With private equity firms raising ever larger funds and expanding their footprints into new geographies and lines of business, the need to expand the payroll has increased in tandem – both at senior and junior levels. In the preceding article by David Snow, it was acknowledged that one dilemma facing private equity firms is whether to add these new recruits to the carry pool while running the risk of upsetting current employees who are happy with the existing structure. Our survey found almost two-thirds of firms willing to accommodate newcomers into carry schemes.
Carried interest is one of the biggest weapons a private equity firm has in its armoury when it comes to both attracting and retaining the best talent. Therefore, it would appear to be a prudent course of action to provide as many employees as possible with access to the carry scheme. Our poll showed access to carry extending beyond partners and shareholders in the management team to include principals in 60 percent of cases. However, only in a fifth of cases were all team members, including admin staff, able to enjoy the fruits of carry.

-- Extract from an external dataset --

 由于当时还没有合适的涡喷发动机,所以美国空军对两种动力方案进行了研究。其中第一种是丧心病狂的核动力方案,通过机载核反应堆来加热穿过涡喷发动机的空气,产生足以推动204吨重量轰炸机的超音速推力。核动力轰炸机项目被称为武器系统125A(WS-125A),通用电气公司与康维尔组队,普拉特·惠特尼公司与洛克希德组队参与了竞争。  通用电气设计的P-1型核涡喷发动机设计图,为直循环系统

Investors continue to pile capital into private equity on the back of the generally outstanding returns achieved in recent years. But are signs emerging that the good times might be under threat? When asked how good a year their firm's carry scheme enjoyed in 2006, a polarisation emerged: more than a quarter saw it as the best year ever; while almost half said it was not one of the best three years the firm has had carry-wise.
The increasing status attached to the finance function within private equity firms is indicated by the outcome in the first of these charts, which shows more than half of CFOs and COOs now earning at least $300,000 in compensation last year and more than a quarter earning in excess of $500,000. The second chart shows the annual compensation bill for finance and admin staff climbing over $1 million in almost a third of cases.

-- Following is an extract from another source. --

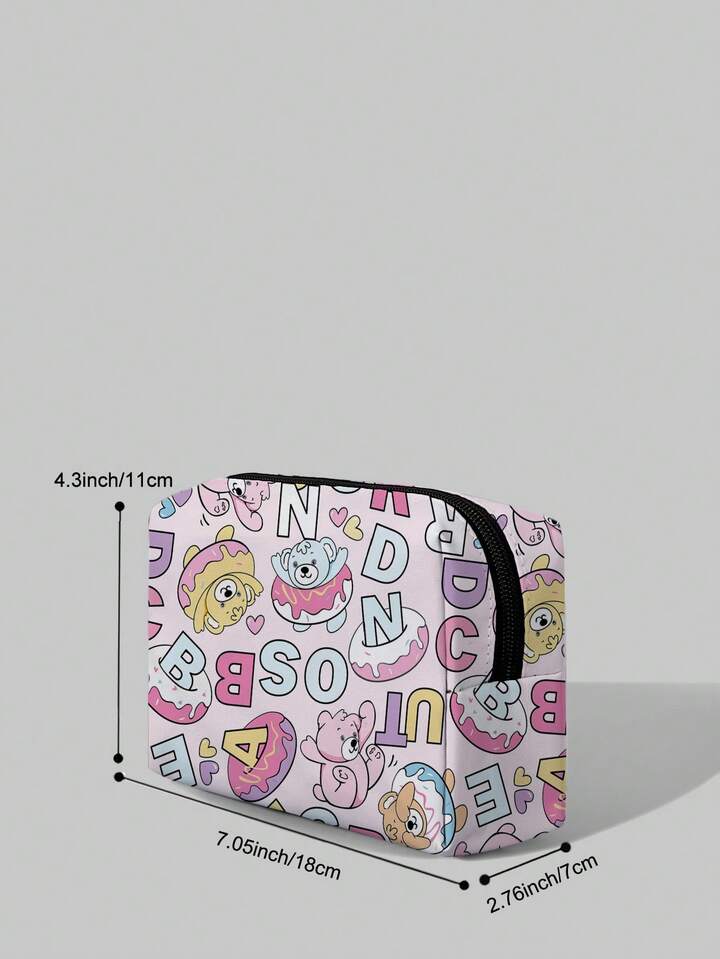 Kawaii Cartoon Print Cosmetic Bag, Flower Style: 337780

While compensation for CFOs and COOs is in the ascendant, less than a third of those canvassed said carry formed part of the package. Almost two-thirds said compensation came in the form of salary and bonuses only.
As the scale of private equity expands, so the importance of having a credible finance function has made its way up the agenda. Credible, but not necessarily sizeable: more than half of those surveyed said the finance team at their GP had only two to five members.
Respondents to the survey comprised representatives of buyout firms (26 percent); venture capital (22 percent); funds of funds (13 percent); diversified (10 percent); growth equity (6 percent); mezzanine/debt (1 percent); and other (22 percent).